An ecotone is so rich and diverse because, in addition to hosting life from the overlapping communities, it hosts its own unique life. Was that new terrain of mine the translation itself?
II.
In Brian Henry’s “Translation: An Essay” (Blackbird, Fall, 2018), he says: “I need to be able to communicate with whomever I’m translating—for practical reasons, but also because, for me, the only way to overcome the ‘impossibility’ of translation is to approach it as an act of friendship, a living act.” Henry isn’t necessarily placing a higher value on this “living act,” but outlining why it’s central to his process as a translator. I’m intrigued by the opportunities and limitations such a process might present, but mainly compelled to reflect on my own experience with Tomas and Monica Tranströmer.
It’s important to note that in 1990 Tomas had a major stroke that resulted in right-sided paralysis and what had been described in everything I’d previously read as “difficulty speaking.” Also noteworthy is that I’m an RN. After my first visit with the Tranströmers, when I was still gaining proficiency in Swedish and well before I’d started translating Tomas, I wrote in my journal:
As Monica and I move back and forth between Swedish and English, it becomes clear that Tomas is aphasic. How did I not know about the degree of his “difficulty?” He understands perfectly, is obviously engaged in the conversation, but cannot articulate a response, except for the reply “Det är mycket bra” (“It’s very good”), which he repeats fairly often, with great facial expression, sometimes gesticulating with his left hand.
A year or so later, our conversations turned to my translations of The Sorrow Gondola. Monica, who has always been Tomas’s main reader, said that both she and Tomas had read and “discussed” my translations. Having witnessed, on many occasions and for hours on end, how fluently she could interpret his expressions, gestures, and seemingly futile attempts at speech, I had confidence in the depths of those discussions. On their printed-out version of my translated manuscript, there were occasional words underlined in faint and slightly shaky pencil.
We went through the poems, one by one, sometimes merely talking about that poem’s occasion, where Monica would share a story, Tomas eagerly listening. If there was an underline, we’d discuss that word. By then, our conversations were purely in Swedish, so in Swedish I would explain my English word choice (using Swedish words other than the Swedish word used in the original text!).
We spent hours and days in conversation, with many distractions for lunch, strolls, or lapses into social chatter. At some point, it became clear that the process was as much about honing trust as honing the translations. In fact, we never discussed the last handful of poems in that short collection.
My point is that the relationship itself was a translated experience, based on a connection that stemmed from the body and worked outward through the poetry to a mutual trust. Was this level of friendship, which encompassed the literary and the deeply personal, enough, as it was for Brian Henry, “to overcome the ‘impossibility’ of translation?”
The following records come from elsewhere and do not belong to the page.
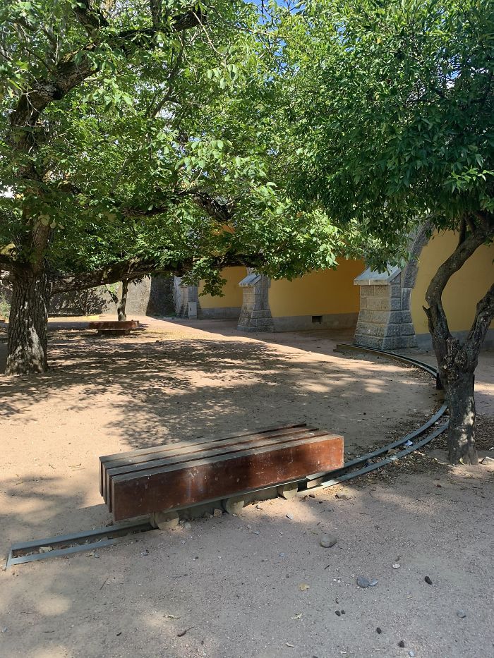 6. Pod ławkami w tym parku umieszczono szyny, żeby zawsze można było pozostać w cieniu.
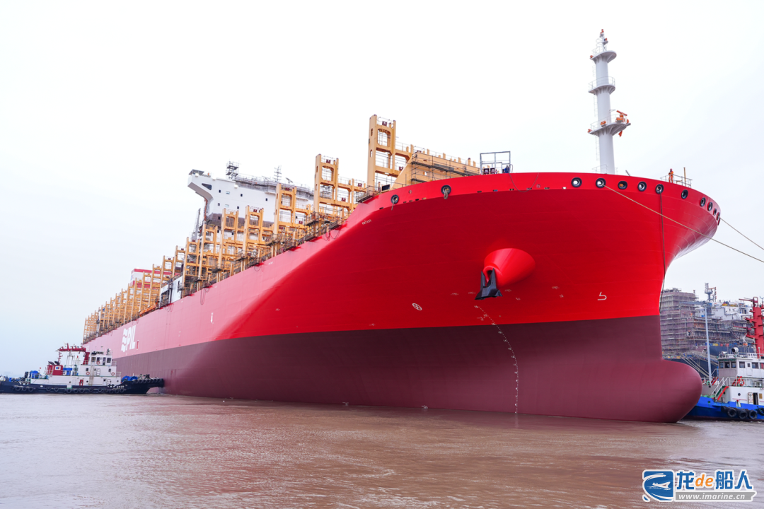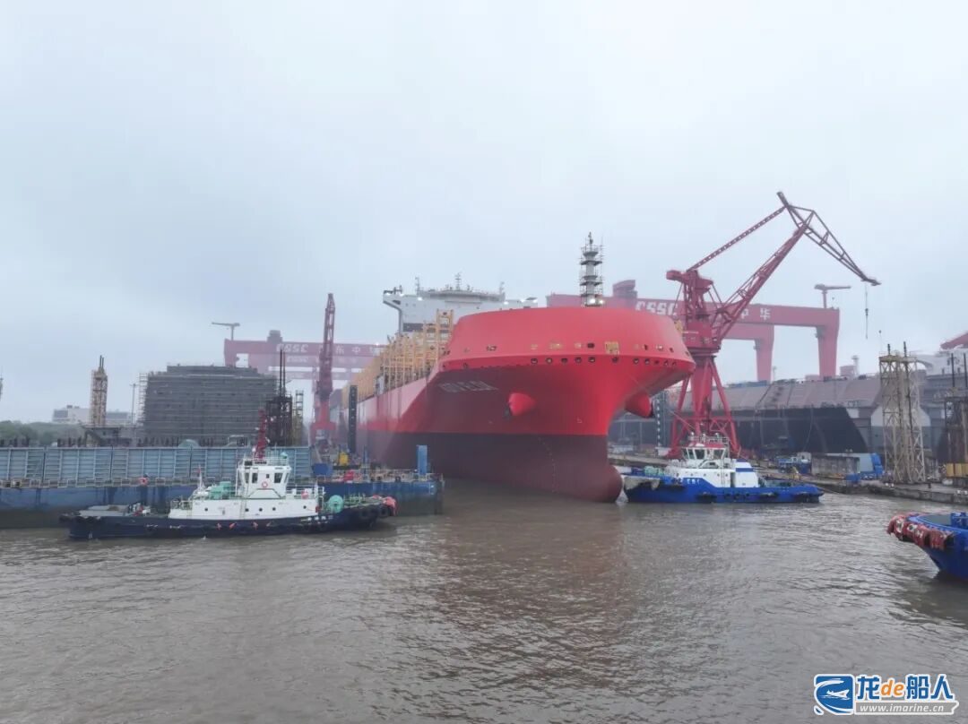 4月20日,沪东中华为新加坡太平船务(PIL)建造的 13000TEU 双燃料集装箱船( H1934A )在新厂区 W2 船坞出坞。
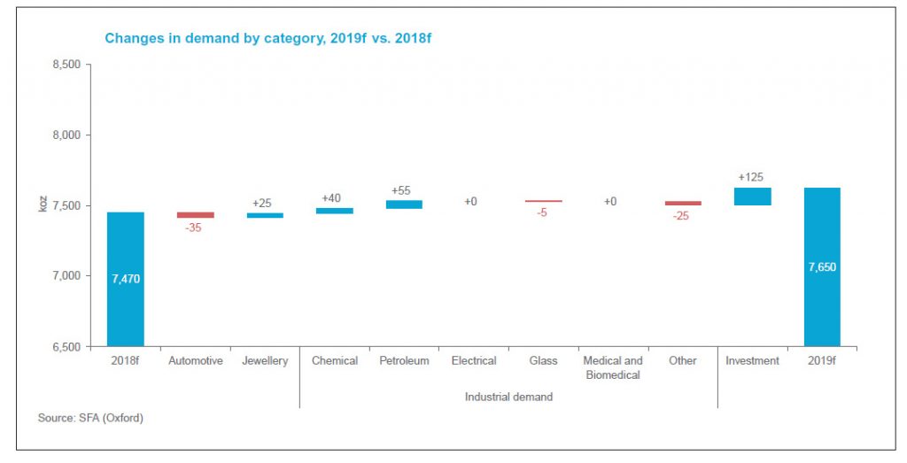 Platinum jewellery demand is estimated to grow 1% (+25 koz) to 2,430 koz in 2019, which would make it the first year of growth since 2014.
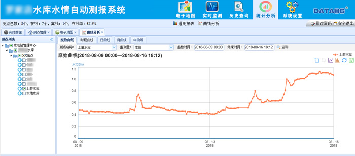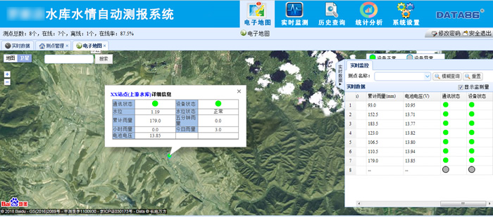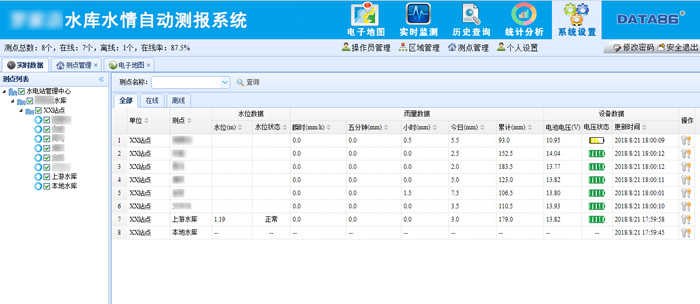 水電站水文實時監(jiān)測管理系統(tǒng)包含8個測點:6個雨量監(jiān)測站、2個水位雨量監(jiān)測站。
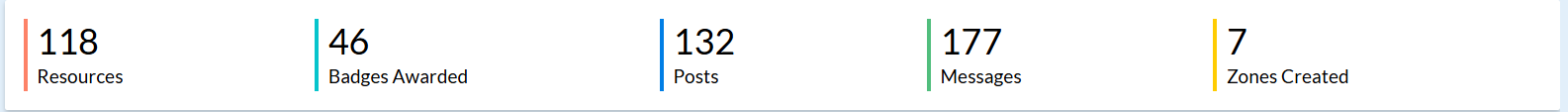 Shows the number of resources (Content) uploaded , Badges awarded to students , Posts created , Messages sent and Zones created .
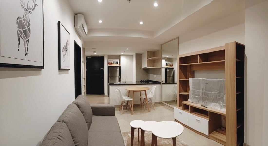Experience a joyful moment with your spouse, families or friends at this stylish place. This apartment offers a cozy atmosphere and the open floor plan seamlessly connects the living room, kitchen and dining area The modern amenities and thoughtful design elements add to its charm, making it a truly special place Located just beside Aeon Mall BSD and 3 mins drive to International Convention Exhibition (ICE) BSD This is a newly build unit and full renovation finished in early 2024.
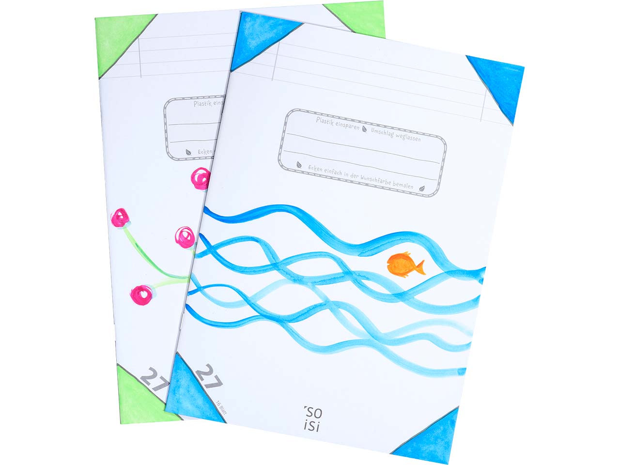 Die Schulhefte kommen vollständig ohne Plastik aus. Sie brauchen keinen zusätzlichen Umschlag, was einerseits Kunststoff einspart und andererseits Müll reduziert. Das Cover aus Karton ist ebenfalls nicht beschichtet. Die Hefte werden zudem in einer zertifizierten Umweltdruckerei gedruckt. Beim Versand und Druck wird mit in Deutschland ansässigen Familienunternehmen zusammengearbeitet.

I hadn’t thought of it in those terms. But it does speak to the unique influences of my translation process and the larger notion that, as translators, we all bring something truly our own to the work. Eliot Weinberger assures us of this in 19 Ways of Looking at Wang Wei, when he says, “The transformations that take shape in print, that take the formal name of ‘translation,’ become their own beings, set out on their own wanderings.”
Of course, “overcoming the impossibility” isn’t just a translator’s struggle. It’s an artist’s struggle. Whether translating, writing, painting, or performing a dance or musical piece, perfect correspondence is rare. If Weinberger is suggesting there’s originality in each translated work, it would have to be borne, in part, from the myriad forces influencing the translator’s life. Maybe that new terrain of mine was less about the work itself and more about engendering creative possibilities, including how to think about life and living, language and connection.
Returning to the question of influence, when it comes to life experience and any kind of immersive creative work, isn’t it all influence? If so, surely at some point influence becomes confluence.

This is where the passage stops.